7 thoughts on “Social Technologies in Health Care”

  1. Lee, this is excellent! Although I’m working with http://www.beyondpolls.com my background is healthcare. I worked as a cardiovascular nurse specialist for 25 years before I got into social media. But I’m still very interested in motivating people to make healthier lifestyle choices to prevent heart diseaese.

    My long term goal is to expand into using social media in healthcare. I think there are concerns from healthcare professionals because of liability, confidentiality and loss of control. But I believe these obstacles can be overcome.

    I’ve followed you on twitter, facebook and your blog but have a renewed interest to read through your latest posts. I look forward to reading the rest of these questions. Baby boomers like me are getting older and I can tell you that they are concerned about many health issues.

  2. Thanks for posting all of these Lee. I’m working with a physician to copresent this week “Physicians and the Power of Online Social Networks: Tweets, Blogs, and More” at TexMed 2009, our annual meeting. I’ve shared your posts with him and we’ll both be borrowing.

  3. A (r) evolution in health care: Make 2.0?
    Acute Care (Lucien Engelen) Thursday, April 9, 2009, 07:48
    Clicked: 189 times | 1 comment
    A number of tables I can say about the evolution of what I call Make 2.0. We have already addressed the first challenge: Make 2.0, Health 2.0, E-health, Health Next you name it.
    The definition issue is already clear what must be put down. And it is a discussion about art, or is it more? Obviously I have an opinion, but because of the investigation as they do to Make 2.0 we are looking for your opinion and we encourage you to form an opinion on this. One thing is clear for us, that revolution is coming, but as one of the participants in the consultations this week in RVZ said. “Perhaps it is more an evolution.” Or is it a true Hall-be revolution.
    The discussion about whether all or some speed to run with these developments will however remain. The same also applies to the debate on money, the Business Models that might be adapted (to) go worden.Of the extent to which we may or may not be “allow” the patient is given more direction.

    That is for me also as the core.
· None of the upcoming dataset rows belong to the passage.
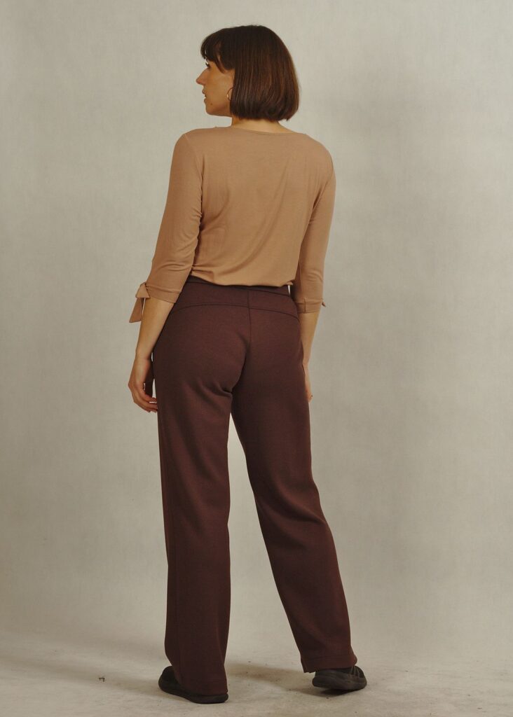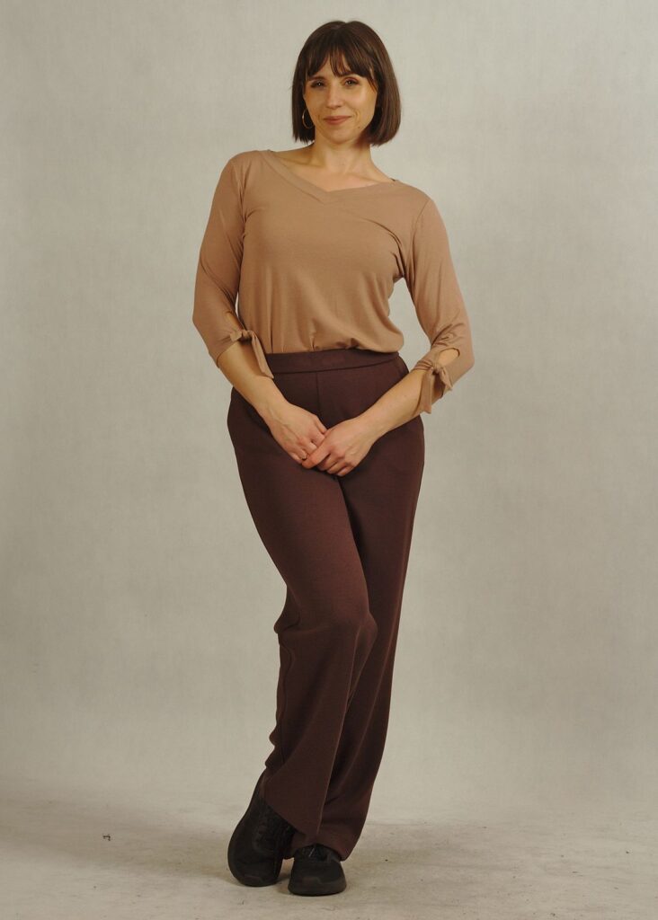 Czarne wykończenie sprawia, że to ponadczasowe brązowe spodnie, które łatwo połączysz z ulubionymi bluzami, t-shirtami czy kardiganami.
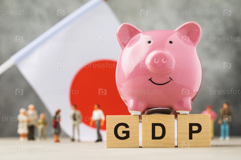 Копилка, деревянные кубики с текстом, игрушечные человечки из пластика и флаг на абстрактном фоне, концепция на тему ВВП в Японии
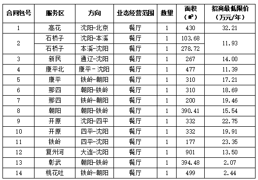 2.2招商范圍及合同包劃分:本次招商業(yè)態(tài)為石橋子、那四、開原服務(wù)區(qū)雙側(cè)餐廳共計(jì)6個(gè);高花(沈陽(yáng)—北京方向)餐廳1個(gè)、新民(通遼—沈陽(yáng)方向)餐廳1個(gè)、康平(鐵嶺—朝陽(yáng)方向)餐廳1個(gè)、康平北(康平—沈陽(yáng)方向)餐廳1個(gè)、朝陽(yáng)(朝陽(yáng)—鐵嶺方向)餐廳1個(gè)、鐵嶺(四平—沈陽(yáng)方向)餐廳1個(gè)、復(fù)州河(大連-沈陽(yáng)方向)餐廳1個(gè),彰武(朝陽(yáng)-鐵嶺)餐廳1個(gè),桃花吐(鐵嶺-朝陽(yáng))餐廳1個(gè),本項(xiàng)目共劃分為14個(gè)合同包。
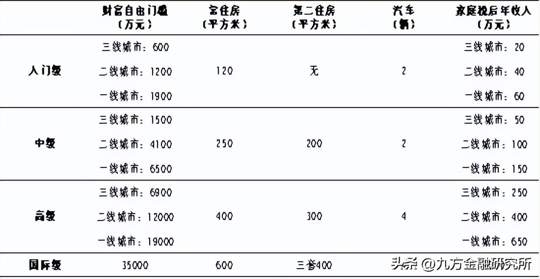 报告中,最受人注意的是一线城市财富自由门槛。入门级财富自由门槛是1900万元,主要包括一套120平米的市区常住房、2辆车、60万元的家庭税后年收入和800万元的金融投资;中级财富自由门槛是6500万元,主要包括一套250平米的市区常住房、一套200平米的郊区第二住房、2辆车、150万元的家庭税后年收入和1200万元的金融投资;高级财富自由门槛是1.9亿元,主要包括一套400平米的市区常住房、一套300平米的郊区第二住房、4辆车、650万元的家庭税后年收入和6500万元的金融投资。
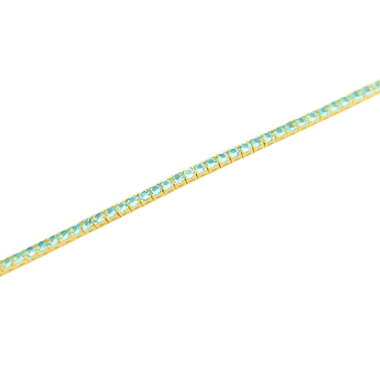 Bracciale tennis in argento 925 color oro con topazi azzurri 21 cm
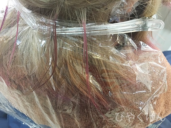 ・白っぽいクリームカラーでラベンダー色を入れた。(たぶん一般的な酸化染毛料)
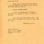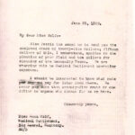 [022] June 2, 1927. To Wulf in Chicago from EKW (Evelyn K. Wells), wishing her a “fine vacation and a good rest.” Wells asks Wulf to send new pictures, which will be used in the School’s literature. Mentions Miss [Dorothy] Bolles and Miss Cunningham’s orders. “Mrs. Zande and Berto went with Miss [Abby] Christensen and Miss Burger to South Carolina…Miss [Ruth] Gaines, Miss Heney and Miss Davis…went by but as far as possible towards Washington.”
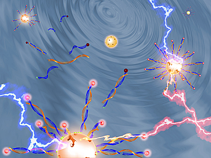 | In this illustration by Yi Zhang, quantum dots are depicted as gold spheres that attract DNA strands linked to cancer risks. When the quantum dots are exposed to certain types of light, they transfer the energy to fluorescent molecules, shown as pink globes, that emit a glow. This enables researchers to detect and count the DNA strands linked to cancer. |
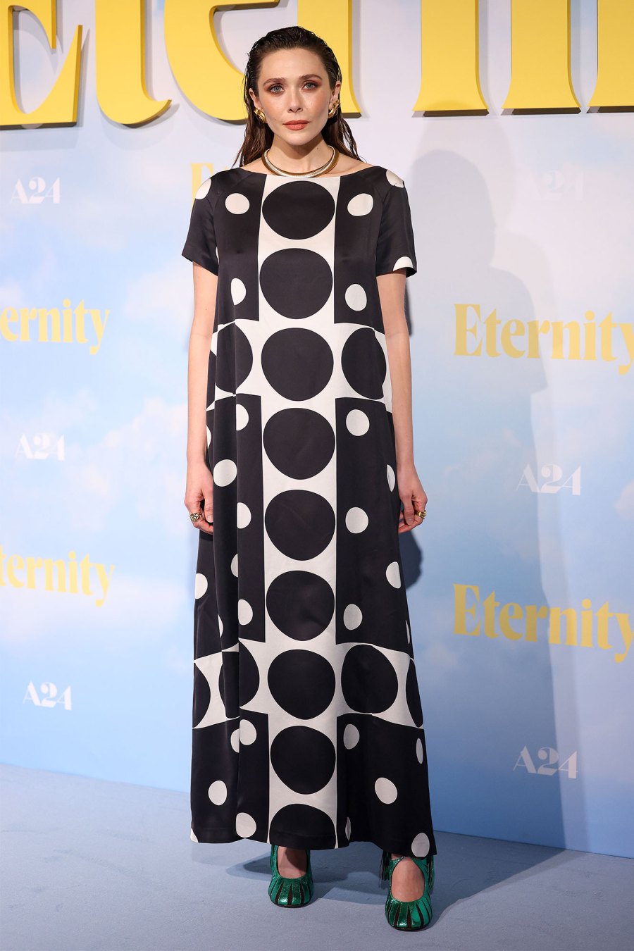 엘리자베스 올슨은 2025년 11월 17일 런던에서 열린 영화 '이터니티 '의 영국 시사회에서 사진을 찍었습니다.
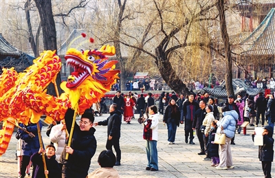 春节期间,我市各个景区丰富多彩的活动吸引了游人前往感受年味。2月1日,晋祠博物馆内,游人参与舞龙。韩双喜 摄
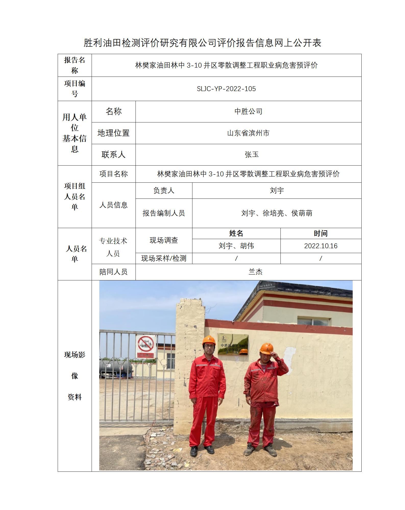 林樊家油田林中3-10井区零散调整工程职业病危害预评价
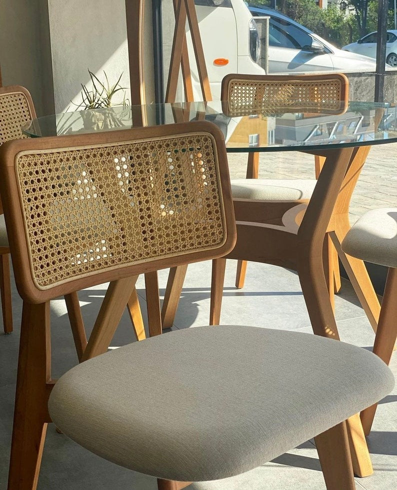 A timeless wooden dining chair featuring natural rattan cane detailing and a classic vintage silhouette. Perfect for dining rooms or living spaces, offering comfort, durability, and elegant charm.
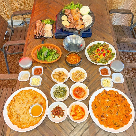 감자전은 겉이 바삭하고 속은 촉촉하게 구워져 전통 방식의 전 요리를 떠올리게 하며, 쭈꾸미는 매콤하지만 입에 착 감기는 맛으로 기억됩니다. 식사 후 마무리로 즐기는 라면 메뉴는 기대 이상이라는 평이 많고, 냉장고에서 직접 물을 꺼내 먹을 수 있는 점도 실용적이라는 의견이 많았습니다. 특히 반려견 동반 시에도 제약 없이 즐길 수 있어 애견 가족 단골층이 많은 것이 특징입니다.

I keep all options open for me and it is therefore now a: (R) evolution, which for me is not the OS or the question there, but when it will come. Or …. is it already? See the blog post and comments by Dave deBronkart e-patients.net (subtitle: Because Care Professionals not only “.

    Obviously, we on this at this table but I also wanted to carry with you like this debate. Virtual, online, by telephone, but we also have excellent coffee.
    For this discussion a little to awaken I have the following a number of things to put together as “opwarmer”

  4. A (r) evolution in health care: Health 2.0?
    A number of tables I can say about the evolution of what I call Health 2.0. We have already addressed the first challenge: Health 2.0, E-health, NextHealth you name it.
    The definition issue is already clear what must be put down. And it is a discussion about art, or is it more? Obviously I have an opinion, but because of the research we are doing right now on Health 2.0 we are looking for other opinions and we encourage you to form an opinion on this, also here on this blog of Lee.

    One thing is clear for us, that revolution is coming, but as one of the participants in the consultations earlier in the Council for Public Health and Health Care said. “Perhaps it is more an evolution.” Or is it a true Hall-be revolution.
    The discussion about whether all or some speed to run with these developments will however remain. The same also applies to the debate on money, the Business Models that might be adapted (to) go worden. Of the extent to which we may or may not be “allow” the patient is given more direction. Funny discussion, no ? Social Media and the internet will empower patients more and more.

    That is for me also as the core. I keep all options open for me and it is therefore now a: (R) evolution, which for me is not the IF nor the OR the question there, but WHEN it will come. Or …. isn’t it already?